DEA informants lack oversight according to report

DEA informants lack oversight according to report

The Justice Department discovers lack oversight of DEA's informants.

A study conducted by the Department of Justice Inspector General discovered that the Drug Enforcement Administration is negligent towards established protocol in dealing with informants The San Diego Union-Tribune reports.

The study conducted by the Department of Justice Inspector General found that millions of dollars have been gifted away without proper verification of federal disability settlements to informants and their families. The survey was extrapolated on a review of particular case files from a San Diego office that utilized confidential informants.

The account determined sloppy execution of agency’s program in handling informants, who play an imperative role in surveillance and data gathering and arrests.  The agency had 240 long term informants on its payroll, which means those who are used for more than six consecutive years, without conducting sufficient oversight. The analysis also discovered inattentive monitoring of informants given permission to break the law in order to capture a criminal, a practice labeled as Otherwise Illegal Activity.
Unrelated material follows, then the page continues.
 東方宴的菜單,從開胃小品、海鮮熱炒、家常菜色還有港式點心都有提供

The Justice Department oversight said that their auditors received mixed responses regarding specifics on the policies they use to justify illegal actions. The scope of the program’s dysfunction couldn’t be determined because of a general lack of compliance from the DEA. Information requests were delayed and inspection of confidential information was prevented. Thus, reviewers had a limited perspective.
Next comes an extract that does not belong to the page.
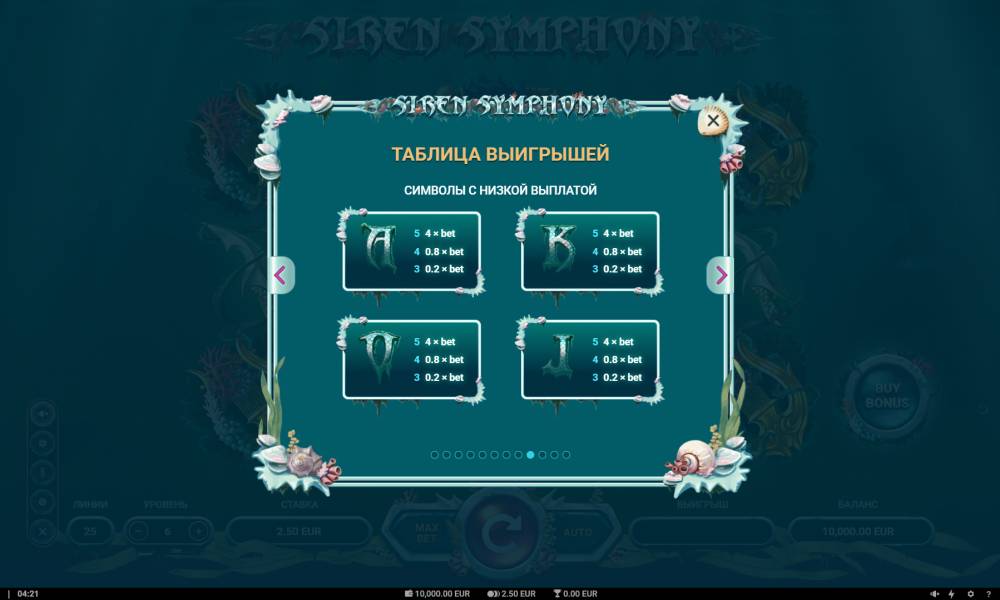 The Siren Symphony slot machine from the Microgaming provider has a standard playing field, consisting of 5 reels with 3 symbols. Payouts are made on 25 pay combinations.

The inspection included case files from the San Diego and Chicago offices, which were targeted at random. The memorandum detailed that between 2013 and 2014, $1,034,000 were paid out in death and disability benefits to 17 informants and their dependents. But the program’s most egregious issue is mismanagement of payments by the DEA and Department of Labor. For instance, the family of an informant that was shot to death has received $1.3 million in receipts since 1989.

Other claims also didn’t have suitable approval. In one example, money was given to an informant that had been killed overseas but no witness was followed up with to substantiate it.